Азиатский комитет, подобно существующему при Калмыцком наместнике, положил учредить такового ж пристава и в Меньшую Киргиз-кайсацкую Орду, дабы, находясь при хане Ширгазы Айчувакове и пользуясь малой воинской командой, приводил он в исполнение повеления высшего начальства. В рескрипте министру финансов, где собственною его императорского величества рукою было выведено «Александр», поведено было отправляющемуся туда ротмистру Корсакову, сверх жалованья по чину и пенсиона за шестнадцать компаний, им получаемому, производить из Государственного казначейства столовых по пятидесяти рублей серебром на месяц и выдать на подъем, не в зачет, годовой оклад сих кормовых денег.
Ротмистром Корсаков был принят из отставки, весьма краткой. А вообще-то Павел Корсаков был морским офицером. Одиннадцатилетним мальчиком поступил он в Морской кадетский корпус. В январе 1812 года получил чин лейтенанта. Имел за собою тридцать одну мужскую душу в Олонецкой и Новогородской губерниях. Приходилось служить. Служба кинула его в новое море, брызги которого забили ему глаза уже прежде, чем он подобрался к Оренбургской линии.
Цель назначения Вашего есть:
1. Иметь ближайшее наблюдение за всеми происшествиями, случающимися в Орде.
2. Служить верным исполнителем распоряжений, какие Пограничная Комиссия признает за нужное поручить Вам.
3. Стараться придать более веса и силы достоинству хана в подвластном ему народе.
4. Охранять самое лицо сего Владельца способами, кои предоставлены Вам будут.
5. Председательствовать где следует по делам Орды, если обстоятельства сего потребуют.
Таким образом будете Вы бдительным оком Главного Пограничного начальства, проводником его действий, опорою власти хана и ходатаем за народ киргизский.
Министерство иностранных дел возложило на Оренбургскую Пограничную Комиссию дать Корсакову некоторые правила или наставления в будущих занятиях по новому званию. Павел Корсаков еще ехал к Оренбургу, а в Пограничной Комиссии уже приступили к сбору сведений о степи.
В Рассыпную Корсаков въехал под вечер.
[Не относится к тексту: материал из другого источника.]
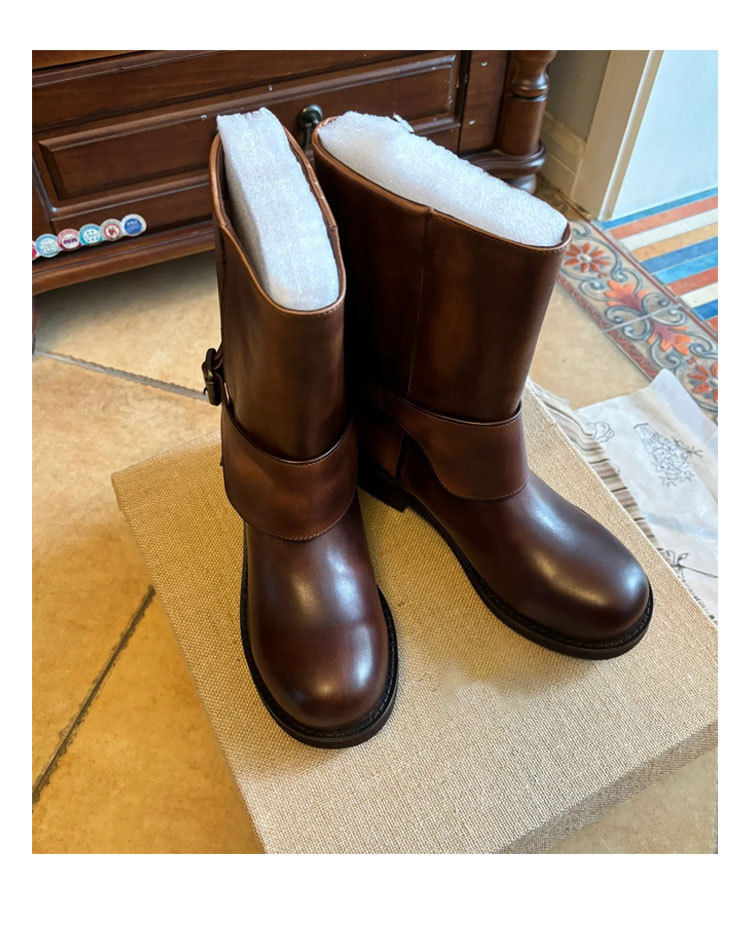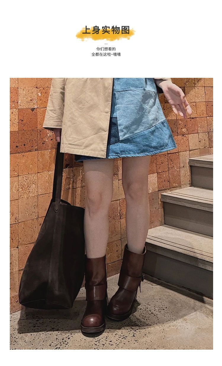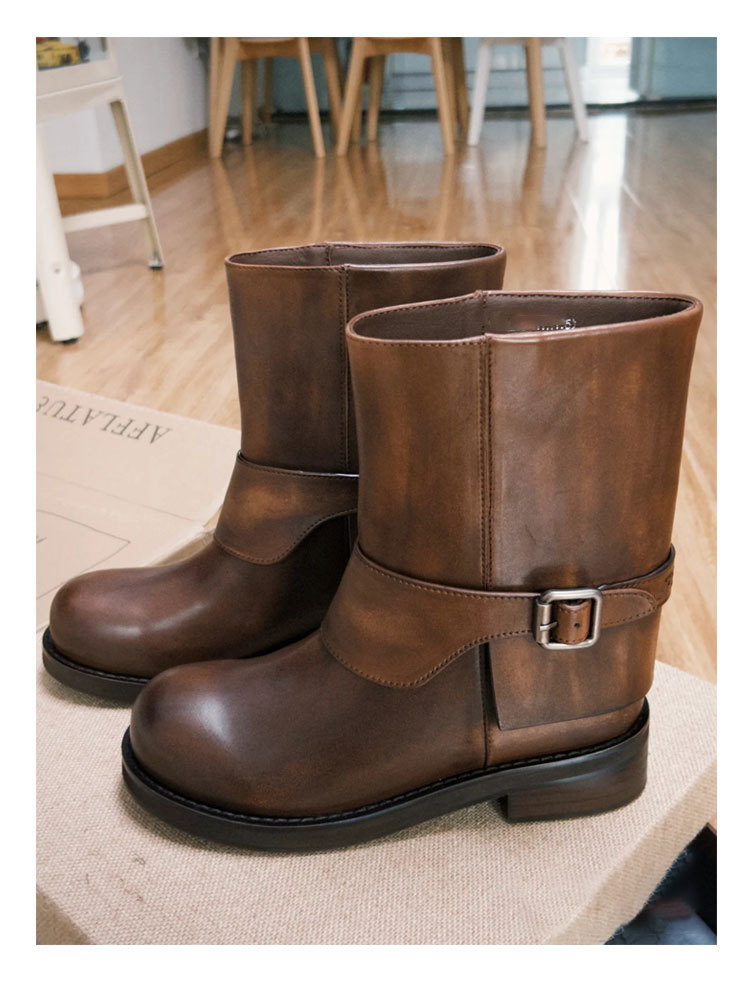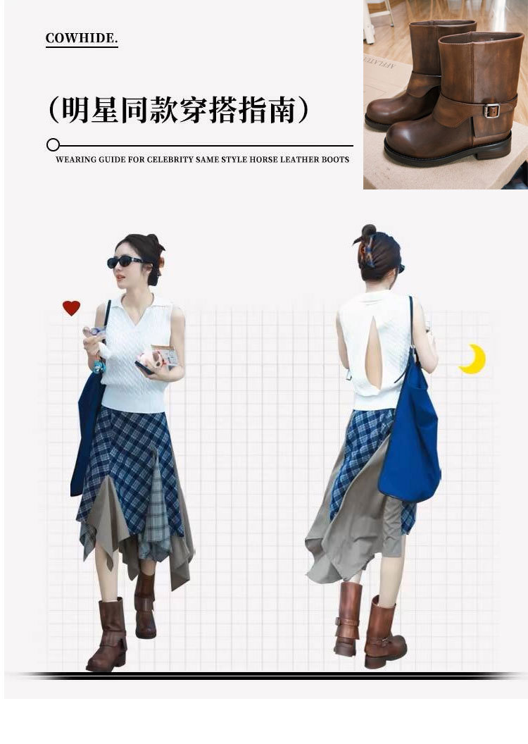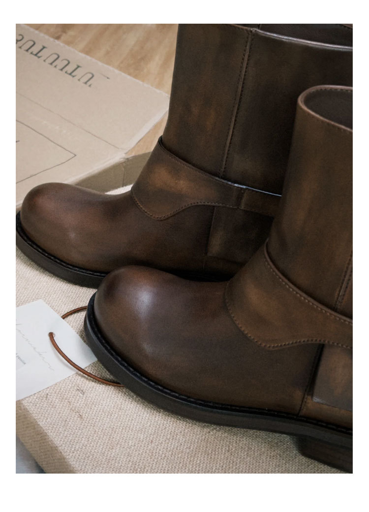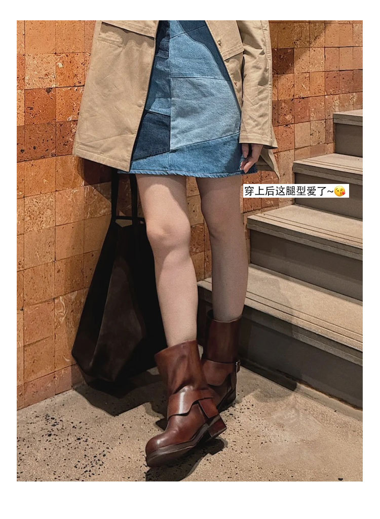 Cai Wenjing Zhou Yutong 동일 스타일 레트로 정품 가죽 라운드 발가락 중간 두께의 짧은 뒤꿈치 망토 부츠 여성의 새로운 컬러 광택 마틴 부츠스토어 가기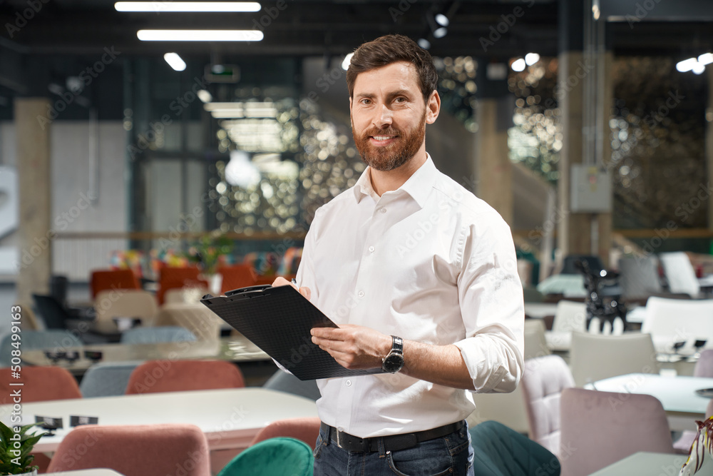 Front view of brunette male with beard standing, holding folder in furniture store. Designer, seller, architect writing, designing, looking at camera. Concept of furniture.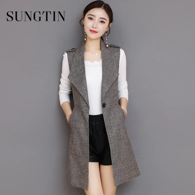 Женский блейзер без рукавов Sungtin, классический длинный пиджак в клетку, для офиса, размера плюс

Пыльная ее улица, со слепыми избами, чьи окна, словно боясь постороннего взгляда, отвернуты в глубь двора, разочаровала своей безмятежностью: мычало возвращающееся с лугов стадо, казачки застывали перед воротами, выискивая своих. Переговаривались соседки, суетились босоногие мальчуганы. Щелкал кнут. Сейчас хозяйки разойдутся на дойку, и все погрузится в замирающую скуку. Словом, та же Россия.
Отыскать крепостное начальство не составило труда.
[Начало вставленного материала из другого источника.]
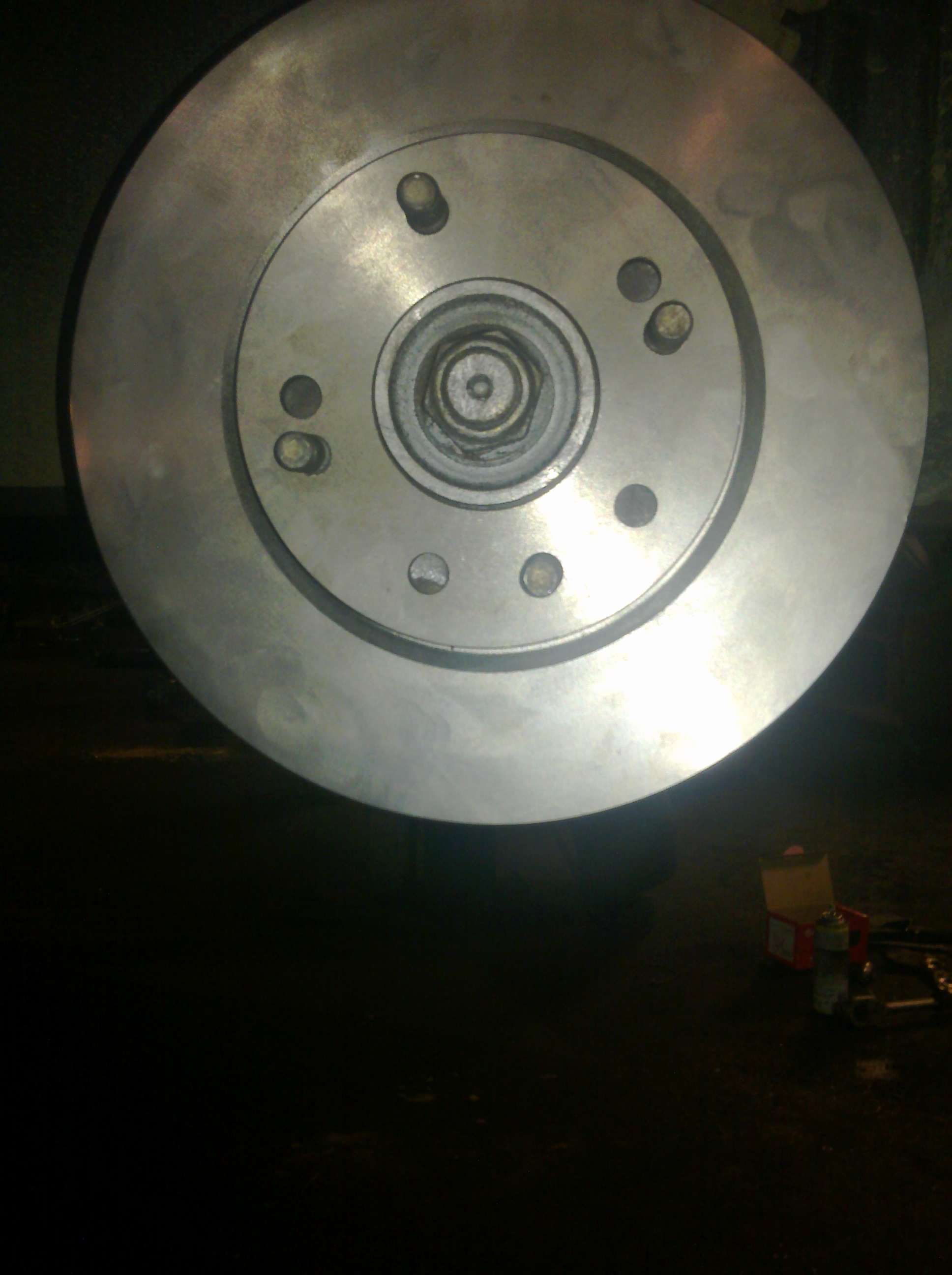 !внутренний d диска оказался на 1,5 мм меньше чем наружный d ступицы, пришлось по возможности равномерно стачивать шкуркой d ступицы пока диск не налез на нее. Может надо было проточить на токарке? сначала так и думал, потом проанализировал... и это оказывается не рабочая поверхность ступицы, тем более после токарь увеличил внутренний диаметр торм. диска, т.е. на данный момент диск садится не в притирку из чего следует что биение не от сюда(внешний диаметр ступицы не соприкасается с торм. диском), так же рабочая поверхность дисков была проверенна магнитной стойкой на биение, коего не выявленно. |

— Комендан-то? А вона их дом. Все прямо, прямо, ваше благородие, — почтительно ответил попавшийся навстречу казак. Однако и полшага от своего дела, чтобы проводить, не сделал.
Ужинали у майора Подгорнова. Подтаскивая на бок скатерть, втиснул живот на стол хлебосольного коменданта и атаман рассыпинских казаков Лазарев. Наливая чашку за чашкой, он обильно потел, шумно утирался и, по всему, был рад случаю составить компанию. То же, что явился он без приглашения и в явное неудовольствие майора, его нисколько не задевало, и чувствовал он себя ловко. Впрочем, заметя, что фигура атамана занимает ротмистра, комендант смирился. Кроме них, за столом пил горячее молоко из блюдца писарь, что-то вроде начальника штаба по царящей кругом безграмотности.
Как оно водится в застолье, разговор летал от одного к другому. Корсаков посожалел, что ожидал увидеть нечто подобное военному лагерю, уж на настоящую крепость он не надеялся, а встретил обычную деревню за частоколом.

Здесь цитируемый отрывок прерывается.